===== Data extracts

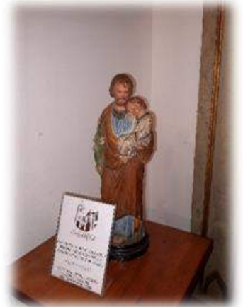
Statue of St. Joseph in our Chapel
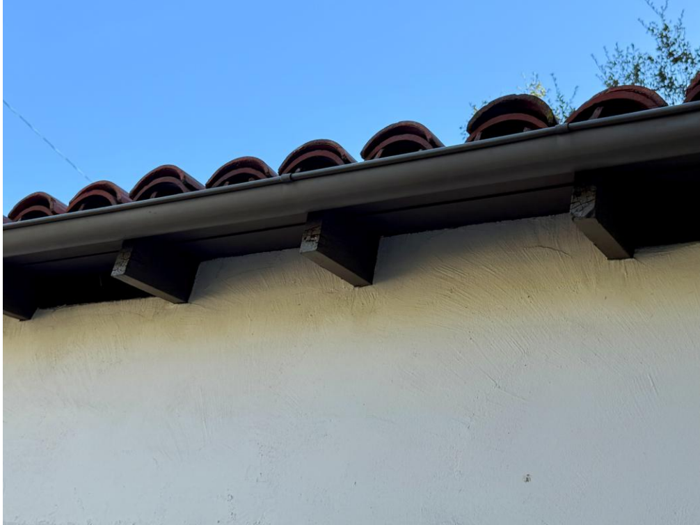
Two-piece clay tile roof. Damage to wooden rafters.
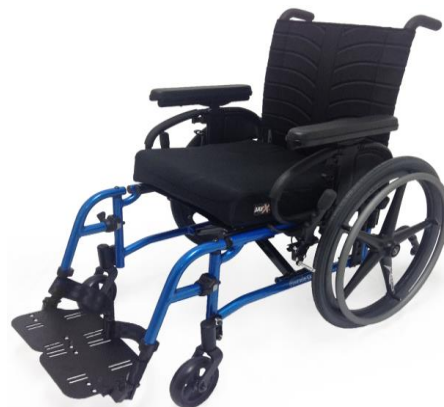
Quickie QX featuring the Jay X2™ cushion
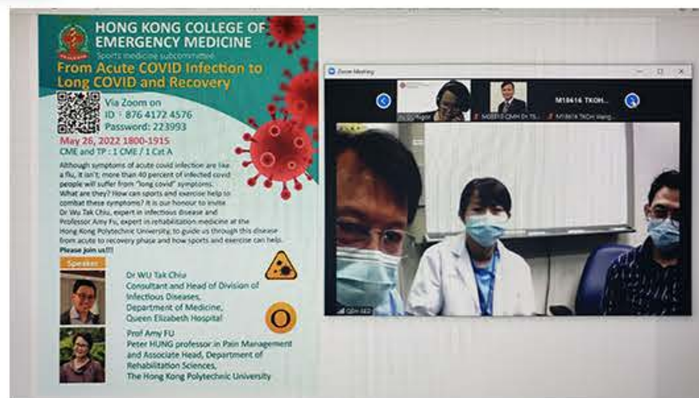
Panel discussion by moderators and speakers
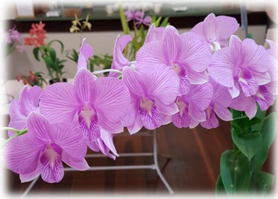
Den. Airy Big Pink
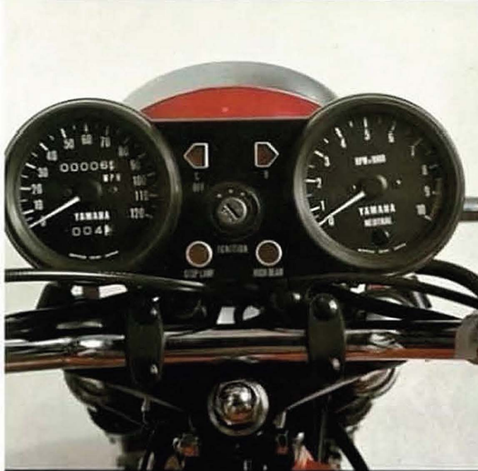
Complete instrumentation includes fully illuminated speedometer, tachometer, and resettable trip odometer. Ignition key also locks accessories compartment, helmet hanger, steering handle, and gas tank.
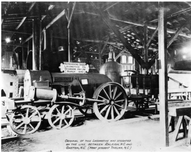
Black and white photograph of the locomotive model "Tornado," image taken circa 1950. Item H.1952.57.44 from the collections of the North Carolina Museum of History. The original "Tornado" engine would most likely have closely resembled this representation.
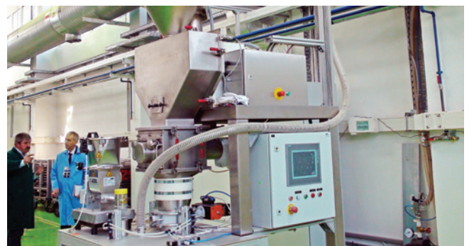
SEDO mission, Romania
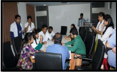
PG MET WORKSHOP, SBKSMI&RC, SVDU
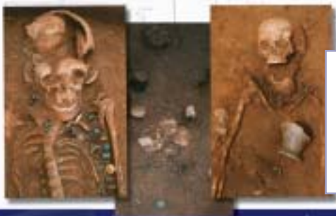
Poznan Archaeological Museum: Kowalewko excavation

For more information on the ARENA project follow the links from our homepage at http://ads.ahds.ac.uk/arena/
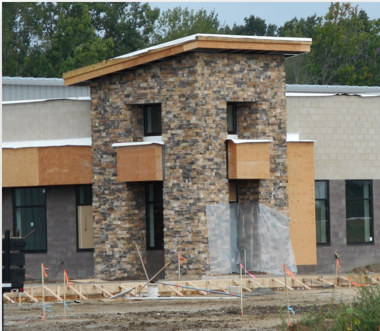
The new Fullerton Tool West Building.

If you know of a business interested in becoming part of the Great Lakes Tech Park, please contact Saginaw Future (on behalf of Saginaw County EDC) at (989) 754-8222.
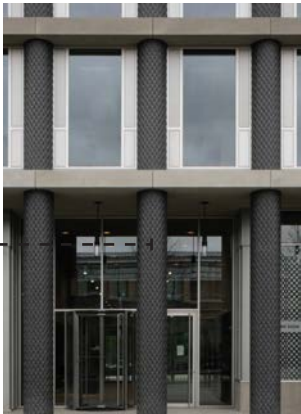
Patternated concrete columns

==========

--- What you need to do ---
In the listing above, show every line with the word "Museum".

--- Your solution ---
Black and white photograph of the locomotive model "Tornado," image taken circa 1950. Item H.1952.57.44 from the collections of the North Carolina Museum of History. The original "Tornado" engine would most likely have closely resembled this representation.
Poznan Archaeological Museum: Kowalewko excavation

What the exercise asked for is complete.